Fred olha para Duda e Junior e abre um sorriso debochado. Ele estende o celular na direção de Danton, mas quando este vai pegá-lo, Fred arremessa o aparelho para Duda. Ainda com educação, Danton pede o celular para Duda, que joga o aparelho para Junior. Já irritado com a brincadeira, Danton tenta alcançar o telefone quando este é lançado de volta para Fred. Enfurecido, ele tenta agredir Junior, mas seu braço é contido com facilidade a meio caminho. A partir daí, Danton apanha impiedosamente dos três rapazes. Depois de muitos socos, joelhadas e chutes, ele é deixado inconsciente no banheiro, caído em cima da privada da última cabine.
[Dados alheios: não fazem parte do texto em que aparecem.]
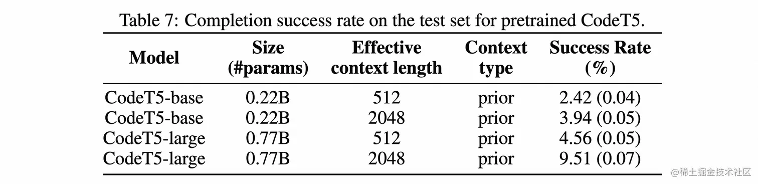 - Model Size和Context Length的增加可以提升Baseline性能。例如,CodeT5-large比CodeT5-base性能更好。采用4096的Context length比2048性能要好;
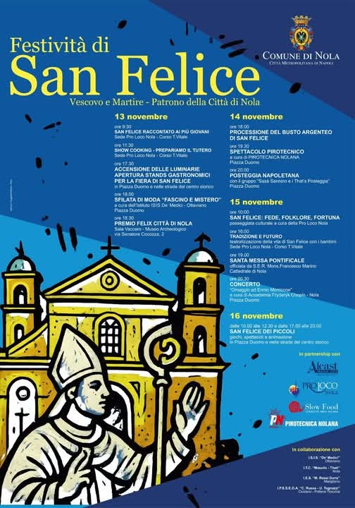 Come ogni anno, la Città di Nola si prepara a vivere le giornate dedicate a San Felice con un ricco calendario di appuntamenti religiosi e civili dal 13 al 16 novembre.

Fred joga o celular de Danton em outra privada e sai do banheiro com os amigos, satisfeito com a surra aplicada. Pouco tempo depois, dois faxineiros do shopping, os mesmos que tinham lanchado ao lado de Danton e Davi, entram no recinto e começam a averiguar o local. Um deles abre a porta de uma cabine e se espanta com o que vê:
– Aí, Pepe, vem cá ver uma parada sinistra.
O faxineiro de boné para trás se aproxima e também examina o local.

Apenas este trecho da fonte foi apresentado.